However, randomly selected genes include some nonneutral loci where the loci were influenced under positive, purifying or balancing selection. We used simulation to estimate the effect of test power if empirical distributions include a large proportion of nonneutral RGs. We simulated 1,000 genes under each of three types of selection scenarios in “Model 1” and 7,000 genes under the neutral mode (total 10,000 genes). With the statistic distribution of the 10,000 genes as the null distribution, we repeated the analyses of the test power for selection. We found that the powers of the three tests are indeed decreased when compared with our previous results (supplementary table S7 and fig. S7, Supplementary Material online).

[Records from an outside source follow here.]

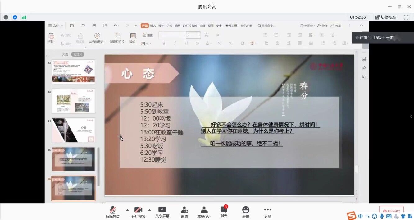 本次活动旨在为备战考研的同学分享考研经验与方法,为同学们的漫漫考研路指明方向和奋斗目标,帮助同学们进一步提升自己、实现梦想。活动伊始,主持人介绍了本次活动的流程及具体内容。随后,受邀同学依次分享了他们的心得体会。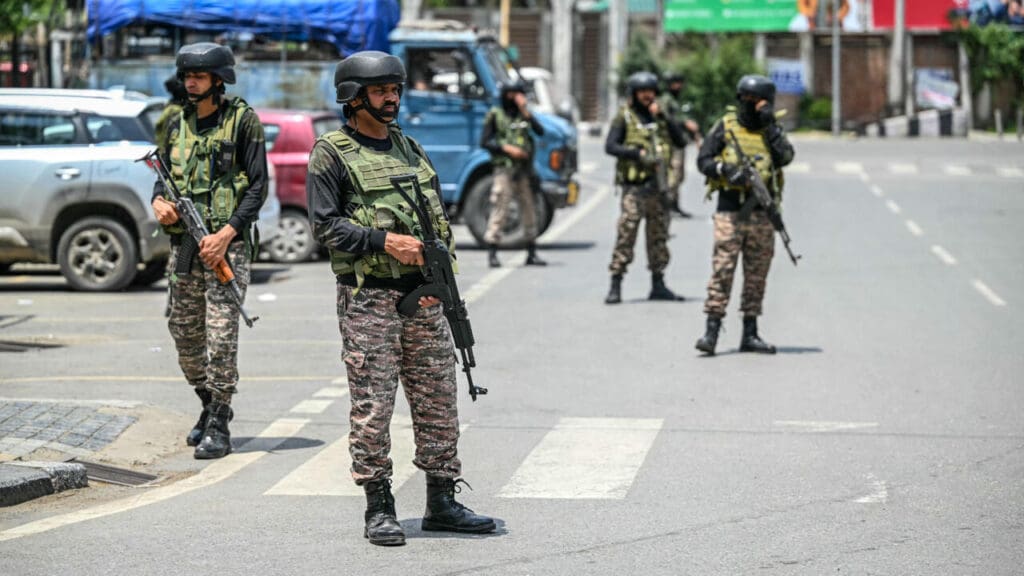 Soldados paramilitares hindúes vigilan una calle en Srinagar, Cachemira, el 11 de mayo de 2025. Créditos: Sajjad Hussain/AFP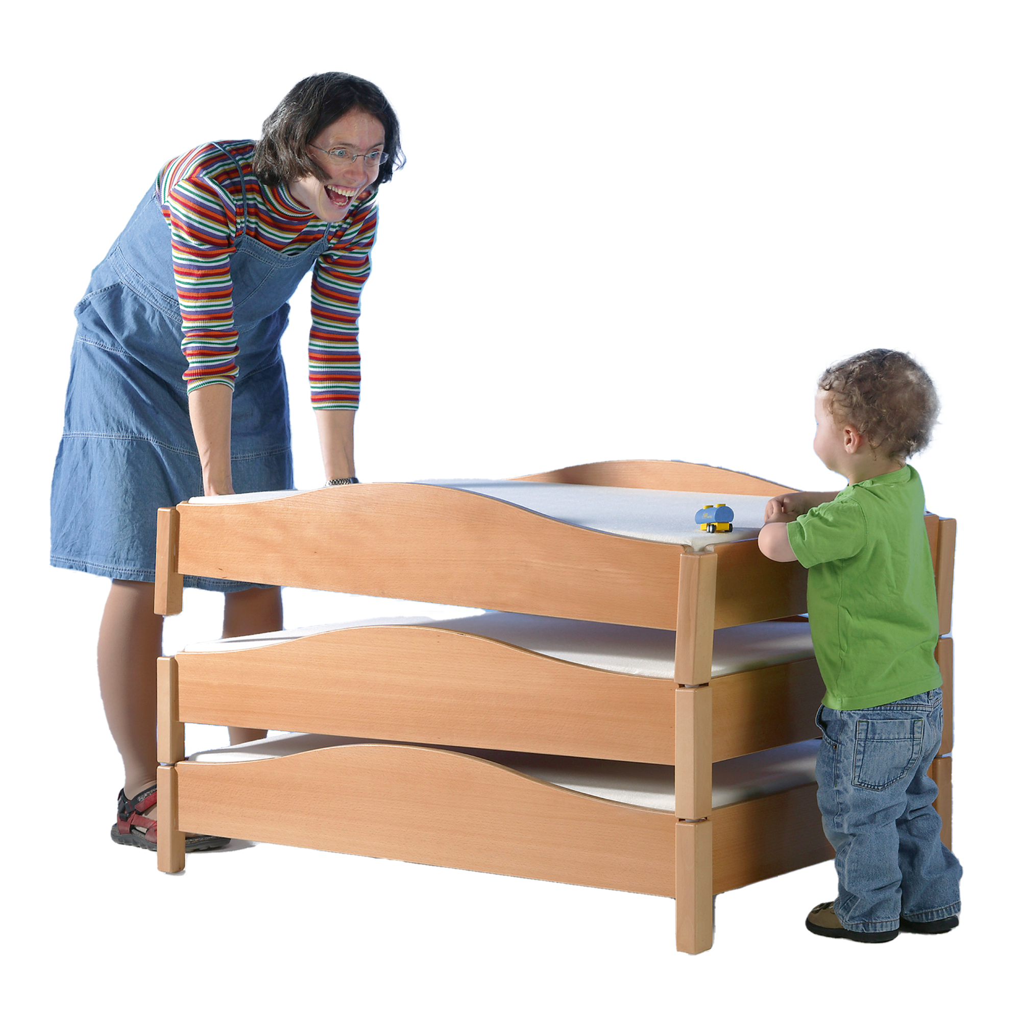 Stapelbare Betten erleichtern das Handling in Schlafräumen. Die Kleinsten finden in Betten mit den Maßen (B/B/T) 124x27x64 ihre Ruhe. Die geschwungenen Seitenteile auf stabilem Birke-Muliplexmaterial schützen die Kinder vor dem Herausrollen. Die konstruktive Anordnung der Beine ermöglicht die Stapelfähigkeit. Die Stapelhöhe weiterer Betten jeweils 20 cm. Die Lieferung der 8 cm hohen Matraze ist im Lieferumfang enthalten. Die Matraze ruht auf federnden Leisten, die zugleich die hygienisch erforderliche Unterlüftung der Matraze sicherstellen.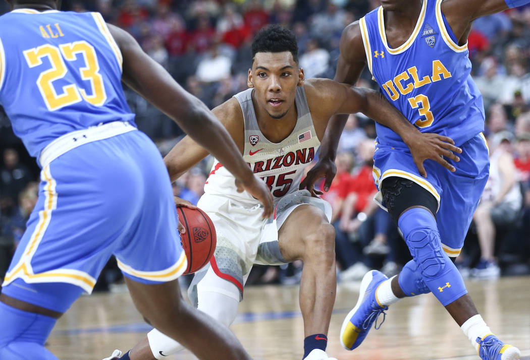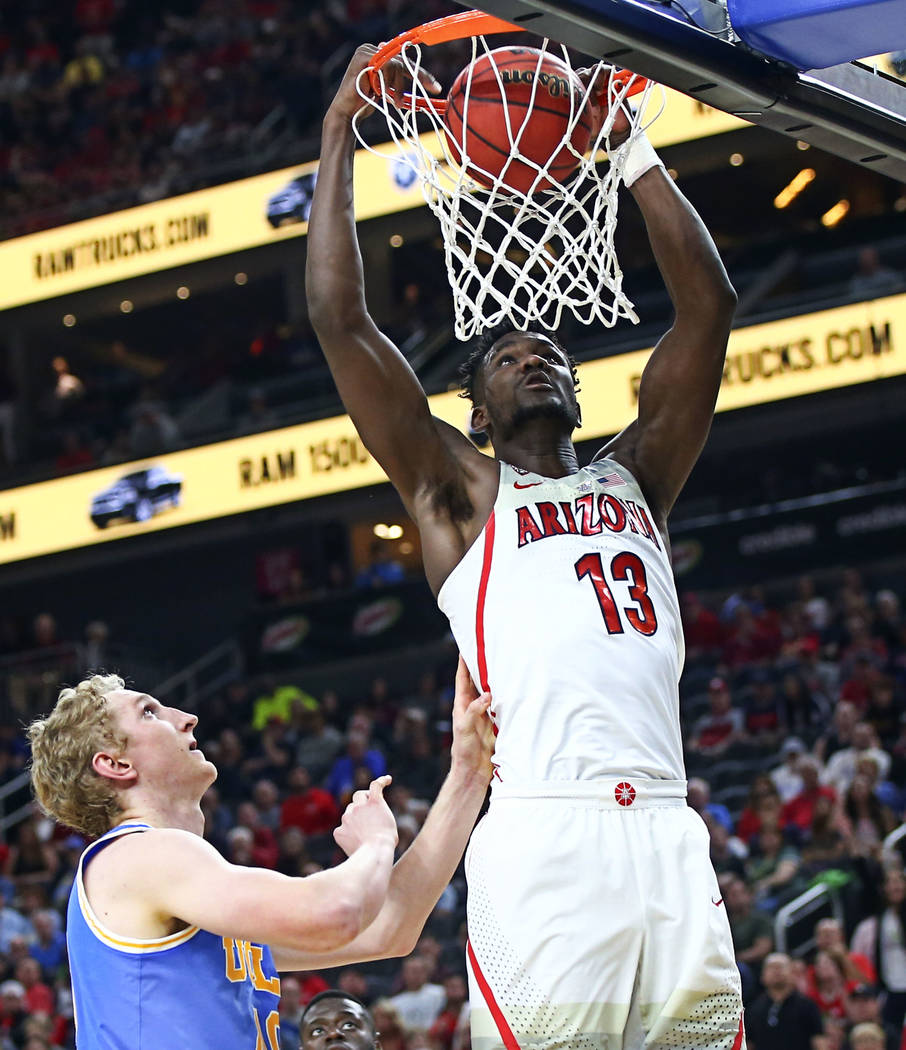 Arizona Wildcats forward Deandre Ayton (13) gets a rebound against UCLA Bruins guard Kris Wilkes (13) during the second half of a semifinal basketball game in the Pac-12 basketball tournament at T-Mobile Arena in Las Vegas on Friday, March 9, 2018. Chase Stevens Las Vegas Review-Journal @csstevensphoto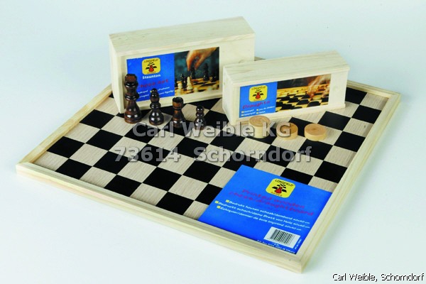 Schach Schach, Dame und Backgammon Kassette, Holz bedruckt, Feldgröße 30 mm, Schachfiguren aus Holz, Königshöhe 60 mm, Dame und Backgammon-Spielsteine aus Holz, Geschenkkarton 150202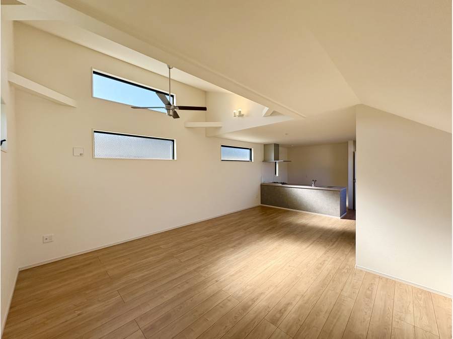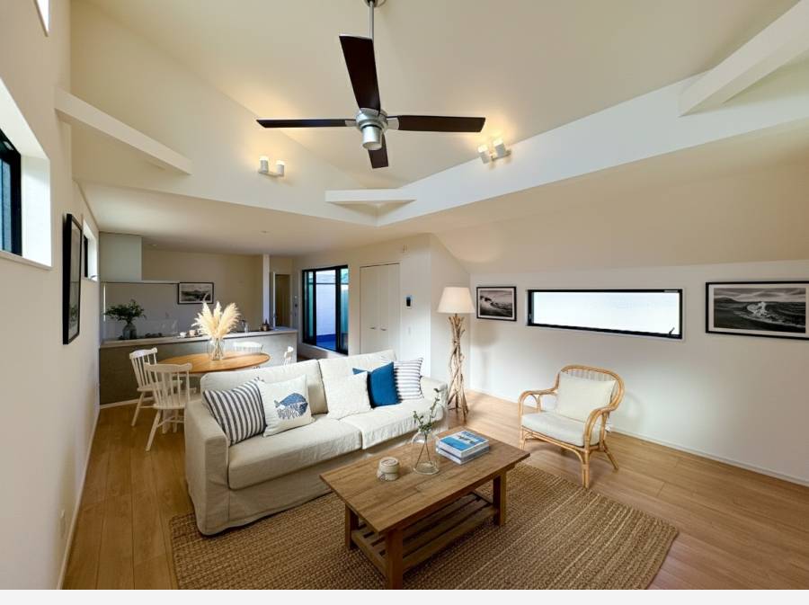 室内に入ると、約21帖の広々としたLDKが広がり、まず目を引きます。吹抜けの開放感とスタイリッシュなシーリングファンが、湘南らしいゆったりとした時間と心地よい風をもたらします。
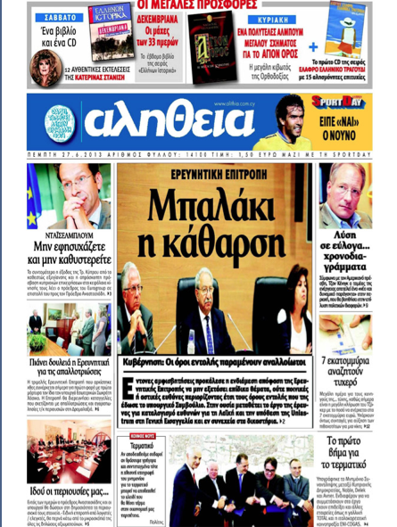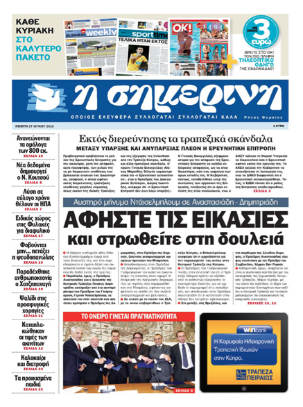 «Η Σημερινή», υπό τον τίτλο «Αφήστε τις εικασίες και στρωθείτε στη δουλειά», γράφει ότι η Κύπρος εισέπραξε χθες άλλο ένα δισεκατομμύριο ευρώ από τους δανειστές της και έτσι συμπληρώνεται η πρώτη δόση του συνολικού ποσού των εννέα δις ευρώ που θα δοθεί εντός της τριετίας. Σε άλλο θέμα γράφει ότι προβληματικό προβλέπεται το μέλλον της Ερευνητικής Επιτροπής για την οικονομία, μετά την απόφαση, κατά πλειοψηφία, των μελών της να μην διερευνούν υποθέσεις που βρίσκονται ενώπιον του Δικαστηρίου, απόφαση, η οποία αφήνει εκτός διερεύνησης, τραπεζικές υποθέσεις μεγάλης σημασίας, όπως εκείνη της Λαϊκής Τράπεζας και της εξαγοράς της Uniastrum από την Τράπεζα Κύπρου. Αλλού γράφει ότι το όνειρο έγινε πραγματικότητα – έπεσαν οι υπογραφές για τον τερματικό σταθμό υγροποίησης φυσικού αερίου.
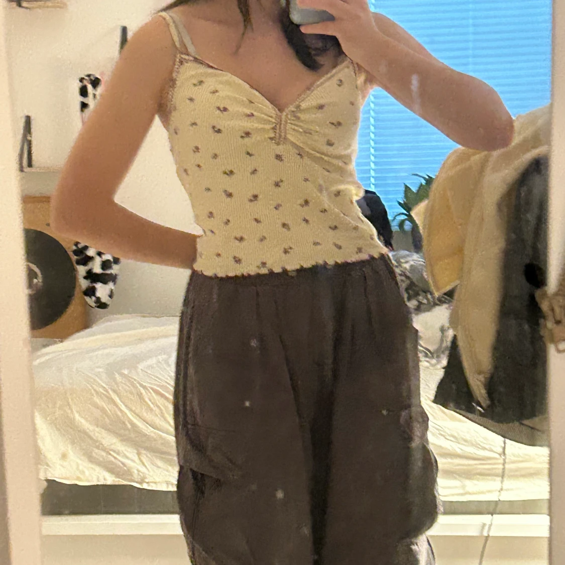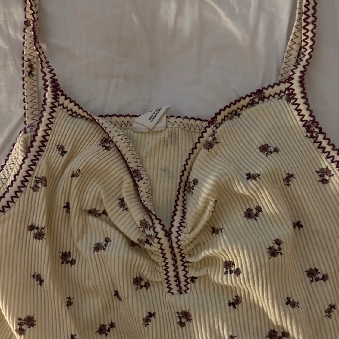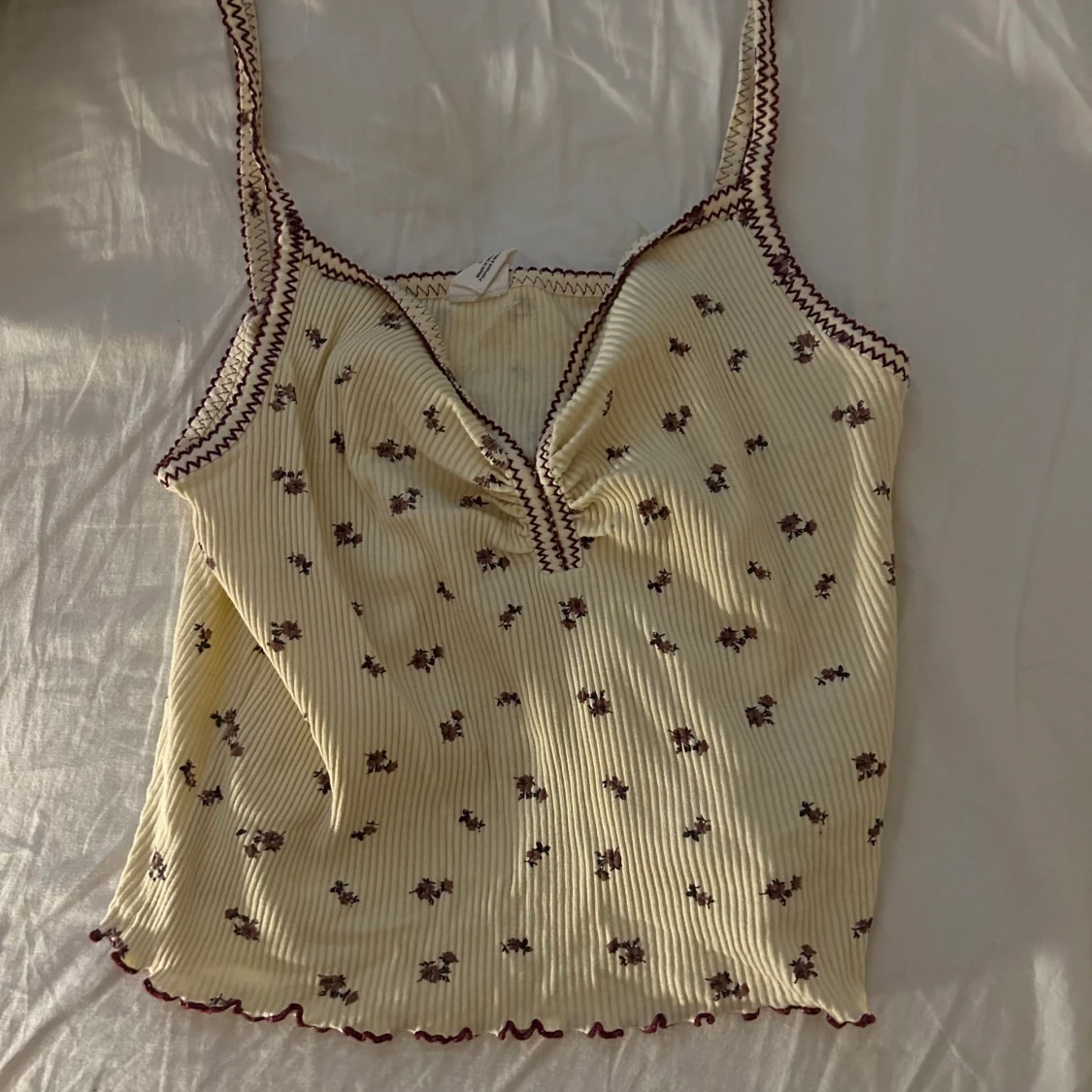ljusgult linne med blommor och lila detaljer från urban outfitters! säljer pga för stor. kan mötas upp i stockholm ((:

Therefore, we need to be cautious that the use of empirical distributions may also increase false negative rate and detect fewer events with selection footprints (purifying or positive selection).
Comparison of Neutrality Tests Based on SNPs and SMPs
We analyzed whether there is an association between the selection on SMPs detected by Dm and that on SNPs detected by D. We used the maximum same set of 21,885 Arabidopsis genes to compute D values with SNPs from the same 50 Arabidopsis accessions as SMP data. We used the maximum set of 9,172 genes with both mapped SMPs and SNPs in African-American population, 14,771 genes in Caucasian-American population, and 14,407 genes in Asian Americans. We used the empirical distribution of the above RGs as the null distribution to compute the critical values (with 5% Type I error for one tail).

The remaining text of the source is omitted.